::: LISTED ENTRIES

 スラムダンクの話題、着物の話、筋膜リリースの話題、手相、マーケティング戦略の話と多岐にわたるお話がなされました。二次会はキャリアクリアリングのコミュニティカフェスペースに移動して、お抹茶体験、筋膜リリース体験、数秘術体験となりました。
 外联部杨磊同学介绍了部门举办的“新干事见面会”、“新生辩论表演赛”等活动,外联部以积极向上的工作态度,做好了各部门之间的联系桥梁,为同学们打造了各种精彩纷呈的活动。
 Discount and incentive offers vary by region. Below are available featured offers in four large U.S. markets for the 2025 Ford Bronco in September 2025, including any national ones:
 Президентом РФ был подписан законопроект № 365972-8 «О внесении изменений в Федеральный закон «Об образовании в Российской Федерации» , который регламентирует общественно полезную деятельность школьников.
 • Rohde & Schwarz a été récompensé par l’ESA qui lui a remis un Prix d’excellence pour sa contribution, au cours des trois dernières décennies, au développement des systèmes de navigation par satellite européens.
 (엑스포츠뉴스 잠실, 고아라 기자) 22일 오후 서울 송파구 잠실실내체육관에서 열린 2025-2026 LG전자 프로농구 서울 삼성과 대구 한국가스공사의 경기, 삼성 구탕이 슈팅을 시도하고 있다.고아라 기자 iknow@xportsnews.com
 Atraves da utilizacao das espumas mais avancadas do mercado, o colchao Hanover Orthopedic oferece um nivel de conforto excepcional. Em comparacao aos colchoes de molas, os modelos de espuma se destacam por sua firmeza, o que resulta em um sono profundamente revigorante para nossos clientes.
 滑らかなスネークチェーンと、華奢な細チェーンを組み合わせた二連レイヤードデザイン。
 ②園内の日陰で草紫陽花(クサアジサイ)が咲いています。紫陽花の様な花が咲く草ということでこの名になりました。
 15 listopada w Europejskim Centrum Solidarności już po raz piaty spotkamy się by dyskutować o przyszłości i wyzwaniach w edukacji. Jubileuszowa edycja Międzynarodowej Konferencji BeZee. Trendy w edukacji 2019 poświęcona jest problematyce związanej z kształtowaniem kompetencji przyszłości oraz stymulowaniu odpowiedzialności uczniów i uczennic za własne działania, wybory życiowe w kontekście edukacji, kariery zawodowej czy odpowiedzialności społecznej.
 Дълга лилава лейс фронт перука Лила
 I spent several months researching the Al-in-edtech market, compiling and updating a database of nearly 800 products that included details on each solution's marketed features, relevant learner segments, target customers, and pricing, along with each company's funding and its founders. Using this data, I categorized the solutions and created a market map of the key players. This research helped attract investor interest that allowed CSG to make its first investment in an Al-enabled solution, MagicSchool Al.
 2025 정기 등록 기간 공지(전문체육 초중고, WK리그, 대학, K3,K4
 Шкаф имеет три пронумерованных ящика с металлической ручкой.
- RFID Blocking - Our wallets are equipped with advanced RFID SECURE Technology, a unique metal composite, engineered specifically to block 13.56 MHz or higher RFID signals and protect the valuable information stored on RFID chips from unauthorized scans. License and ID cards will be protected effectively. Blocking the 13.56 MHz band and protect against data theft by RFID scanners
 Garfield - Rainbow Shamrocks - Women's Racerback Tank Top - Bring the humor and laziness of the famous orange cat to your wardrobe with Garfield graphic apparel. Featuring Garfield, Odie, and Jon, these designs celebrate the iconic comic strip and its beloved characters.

::::::

ABOUT THIS TASK:
Please give an exact copy of the lines above, beginning with the line containing "15 listopada w" and running through the line containing "Шкаф имеет три", and of no other lines.

EXERCISE RESPONSE:
 15 listopada w Europejskim Centrum Solidarności już po raz piaty spotkamy się by dyskutować o przyszłości i wyzwaniach w edukacji. Jubileuszowa edycja Międzynarodowej Konferencji BeZee. Trendy w edukacji 2019 poświęcona jest problematyce związanej z kształtowaniem kompetencji przyszłości oraz stymulowaniu odpowiedzialności uczniów i uczennic za własne działania, wybory życiowe w kontekście edukacji, kariery zawodowej czy odpowiedzialności społecznej.
 Дълга лилава лейс фронт перука Лила
 I spent several months researching the Al-in-edtech market, compiling and updating a database of nearly 800 products that included details on each solution's marketed features, relevant learner segments, target customers, and pricing, along with each company's funding and its founders. Using this data, I categorized the solutions and created a market map of the key players. This research helped attract investor interest that allowed CSG to make its first investment in an Al-enabled solution, MagicSchool Al.
 2025 정기 등록 기간 공지(전문체육 초중고, WK리그, 대학, K3,K4
 Шкаф имеет три пронумерованных ящика с металлической ручкой.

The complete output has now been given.